2008年7月4日に,地上デジタル放送と無料のBSデジタル放送のコピー制御方式が「ダビング10」に移行した。これ以外に,東経110度CS放送「e2 by スカパー!」の有料チャンネルのうち3チャンネルが,同日にダビング10に移行した。

 東経110度CS放送でチャンネルを運営する番組供給事業者は,放送番組のコピー制御方式をダビング10に変更するか,コピーワンスのままにするかを自ら決めることができる。ダビング10に移行した3チャンネルのうちの一つである「テレ朝チャンネル」を運営するテレビ朝日は,「視聴者の利便性を考慮し,東経110度CS放送のチャンネルも地上デジタル放送とBSデジタル放送のチャンネルと同様の対応を行うことにした」という。テレビ朝日は地上デジタル放送のチャンネルを自ら運営するほか,グループ会社のビーエス朝日(BS朝日)を通じてBSデジタル放送のチャンネルを保有している。これらの2チャンネルは2008年7月4日にダビング10の放送を開始した。同社はこれに合わせて,テレ朝チャンネルのコピー制御方式も変更することに決めた。
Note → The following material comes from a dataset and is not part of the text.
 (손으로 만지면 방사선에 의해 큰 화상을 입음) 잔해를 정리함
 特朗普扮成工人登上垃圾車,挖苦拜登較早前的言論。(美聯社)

 テレビ朝日などがダビング10の放送を開始した一方で,東経110度CS放送で有料チャンネルを運営する番組供給事業者の大半はコピーワンス放送の継続を選択した。ある番組供給事業者の関係者は,コピーワンスを継続する理由として,権利者団体への配慮を挙げる。ダビング10については,情報通信審議会情報通信政策部会の「デジタル・コンテンツの流通の促進等に関する検討委員会」で議論され,地上デジタル放送などの無料デジタル放送のコピーワンスに代替するものという位置付けだった。東経110度CS放送で3チャンネルを運営するフジテレビジョンの関係者は,「情通審では,有料チャンネルにおけるダビング10の採用に関する議論は行われなかった」と指摘する。2008年6月19日の検討委員会の第40回会合で,無料デジタル放送へのダビング10の導入については関係者の合意が形成されたものの,有料放送へのダビング10の導入については改めて権利者団体と話し合う必要がある――。フジテレビの関係者は,このように判断している。

 別の番組供給事業者は,権利者との交渉以外にもダビング10を導入するためのハードルがあると指摘する。その一つは,有料チャンネル間のコピー制御方式の整合性の問題である。CSデジタル放送のうち東経124・128度CS放送「スカイパーフェクTV!」ではこれまで,有料チャンネルは原則的にコピーワンス放送で提供されており,コピー制御方式をダビング10が可能なように仕様を拡大する予定はない。しかも有料チャンネルを運営する放送事業者には,東経124・128度CS放送と東経110度CS放送,ケーブルテレビ(CATV)など複数の伝送路で同じ番組を提供しているところが多い。

 このため同じチャンネルでも東経110度CS放送ではダビング10,東経124・128度CS放送などではコピーワンスという状態が起きてしまう。東経110度CS放送の番組供給事業者からは,「同じ番組なのにプラットフォームによってコピー制御方式が異なると,視聴者の混乱を招く可能性がある」(TBSの関係者)という声が上がっている。

将来的な移行を視野に入れる事業者も

 このように大半の番組供給事業者は,コピーワンスを継続する姿勢をみせる。ただし,将来的なダビング10への移行を視野に入れる番組供給事業者は少なからず存在する。例えばフジテレビの関係者は,「東経110度CS放送の視聴者から『ダビング10にしてほしい』という要望が出るのであれば,権利者団体との交渉を開始したい」としている。ただし,いたずらにダビング10への移行を主張すると,コピー制御方式の緩和に神経をとがらせる権利者団体との関係が悪化する恐れがあるため,「権利者の意向をくんで交渉を進めたい」という。交渉を開始するタイミングについては,「ダビング10に対する世論の動向を見て判断する」としている。